I will trace the history of the smart home and try to Contextualize where the wise home movement sits at the bigger technology category, the Internet of Things.
It is the dead of winter and you're driving home. The use case for a thermostat that could be available over the Web was so obvious; I wondered why it took me so long. It would have been prohibitively expensive for me to heat a weekend home during the week, and a timer would not work, as I was never really sure I was going to be in the house on a weekend. The perfect solution, a thermostat that might be remotely accessed from a smartphone over the Internet to turn on the heat as I am on the highway and still a couple of hours away from getting home.
It is a thermostat that is connected to the wireless network in your dwelling. There's a corresponding downloadable program for your own Android or iPhone that, when you open it, shows you the temperature of the room. If you've got multiple zones in your home, you can see the temperature in each zone. You can even find the temperature outside your residence. Best of all, there's a friendly interface that allows you to adjust the temperature upwards or downwards.
You'd be forgiven if you thought that the it was the first Instance of a connected device that was part of the wise home. The truth is that people have been talking about and constructing some variation of a smart home for decades. When I refer to a smart home, I am referring to a home featuring intelligent technology that simplifies and automates everyday activities like turning on lights, locking the door, lowering colors, and, yes, changing the settings on your thermostat. You may call any device “smart" that is capable of doing something autonomously. A smart thermostat automatically adjusts the heat downward if there isn't any movement in my house. That is what makes it autonomous.
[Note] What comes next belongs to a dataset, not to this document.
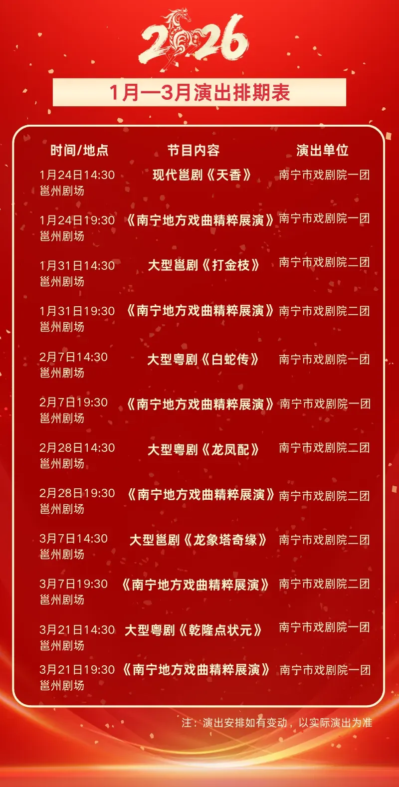 邕州剧场演出排期表。

Fast forward to 2011 and Nest and a time when most people you knew had a smart phone. While Nest wasn't the first intelligent thermostat, they captured the technology community's creativity with a clever interface and by putting a Wi-Fi___33 chip within their thermostat which connected it to the net. I could eventually heat up my home from the street. Big companies and startups alike started to concentrate on what other devices, if connected to the Internet, could capture the public's attention and gain mass adoption.
The Wise home space fascinates me; first, since it promises to transform the way we live. Second, because it has been in the cusp of taking off for decades. And finally, as it represents big business for technology companies and tech startup entrepreneurs.
Think about smart homes as places where people live that contain Devices connected to the Internet. Firms write software to program all of these devices with a design to make your life easier. Let's imagine for a moment all the places you may want connected devices outside of the home. A car might have a system that monitors where it moves along with the wear and tear on the wheels. This could all be reported back to the cloud, sharing with the driver at a later date that is it is time to realign or change the tires. Machinery inside a factory may send out a report of their performance and subsequently be adjusted to raise the output of whatever the factory is making. The Fit bit bracelet on your wrist captures your steps and can indicate what you need to do to improve your health. All of these examples are smart devices. And all of these, including devices that compose the wise home category, are a part of the bigger category the Internet of Things, or IoT. .
The Internet of things, in a way, is not a recent concept, in There has been research on wireless sensor networks for decades, and the Internet of Things is fundamentally a wireless sensor network that's now on the Internet.
National or government point of view, you have major problems like global warming, national security, and energy management. Conceivably, the Internet of Things can help, if not to prevent them, to improve things.... In case you have some ability to monitor groundwater levels, river flows, rainfalls, you have some ability to possibly be able to predict in advance when and where flooding is going to occur. If you can manage energy better and increase energy efficiency, you can reduce energy consumption and so the effect on the environment and hold off global warming or at least slow it down. With the growth in global terrorism, some of it caused by the Internet itself, the ability to be able to better track
One more example of what a smart home community could be able of, if all of the houses were connected to a central network and communication with one another. Decentralization is a means of bringing us closer and all these Benefits through IOT are achievable through blockchain technology such as Dxchain.